= ST motif =

The ST motif is a commonly occurring feature in proteins and polypeptides. It consists of four or five amino acid residues with either serine or threonine as the first residue (residue i). It is defined by two internal hydrogen bonds. One is between the side chain oxygen of residue i and the main chain NH of residue i + 2 or i + 3; the other is between the main chain oxygen of residue i and the main chain NH of residue i + 3 or i + 4. Two websites are available for finding and examining ST motifs in proteins, Motivated Proteins: and PDBeMotif.

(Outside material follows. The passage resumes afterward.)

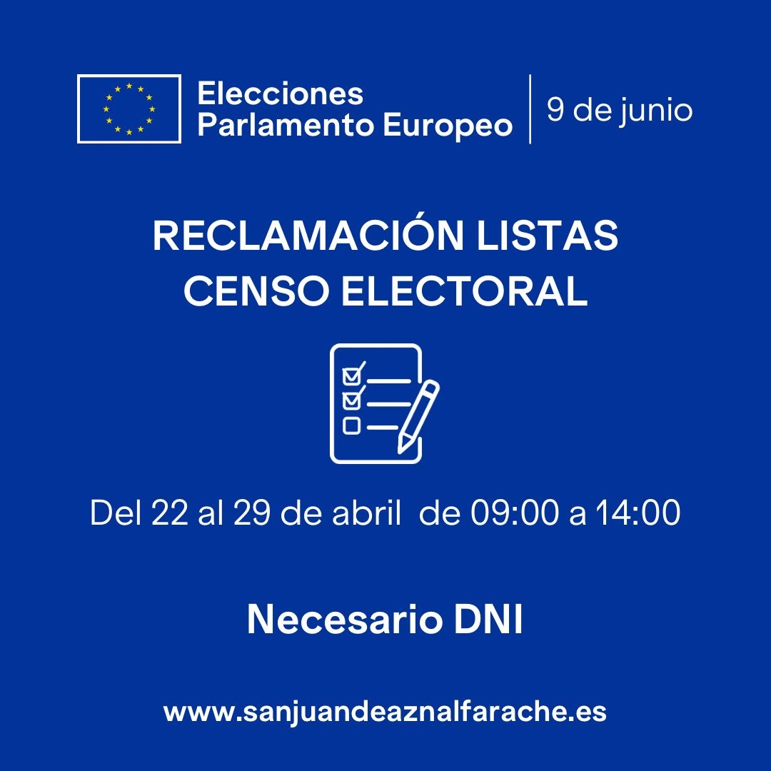 Desde el 22 al 29 de abril se puede realizar la revisión del censo electoral en el Ayuntamiento de San Juan de Aznalfarache, en horario de mañana.

ST motif. A pentapeptide with an N-terminal serine forming two hydrogen bonds with the main chain atoms of succeeding residues. Carbons grey, oxygens red and nitrogens blue. Hydrogen atoms omitted. The main chain - main chain hydrogen bond is in red and the side chain - main chain hydrogen bond (which also forms an ST turn) is dotted grey.

When one of the hydrogen bonds is between the main chain oxygen of residue i and the side chain NH of residue i + 3 the motif incorporates a beta turn. When one of the hydrogen bonds is between the side chain oxygen of residue i and the main chain NH of residue i + 2 the motif incorporates an ST turn.

As with ST turns, a significant proportion of ST motifs occur at the N-terminus of an alpha helix with the serine or threonine as the N cap residue. They have thus often been described as helix capping features.

A related motif is the asx motif which has aspartate or asparagine as the first residue.

Two well conserved threonines at α-helical N-termini occur as ST motifs and form part of the characteristic nucleotide binding sites of SF1 and SF2 type DNA and RNA helicases.

It has been suggested that the sequences SPXX or STXX are frequently found at DNA-binding sites and also that they are recognized as substrates by some protein kinases. Structural studies of polypeptides indicate that such tetrapeptides can adopt the hydrogen bonding pattern of the ST motif.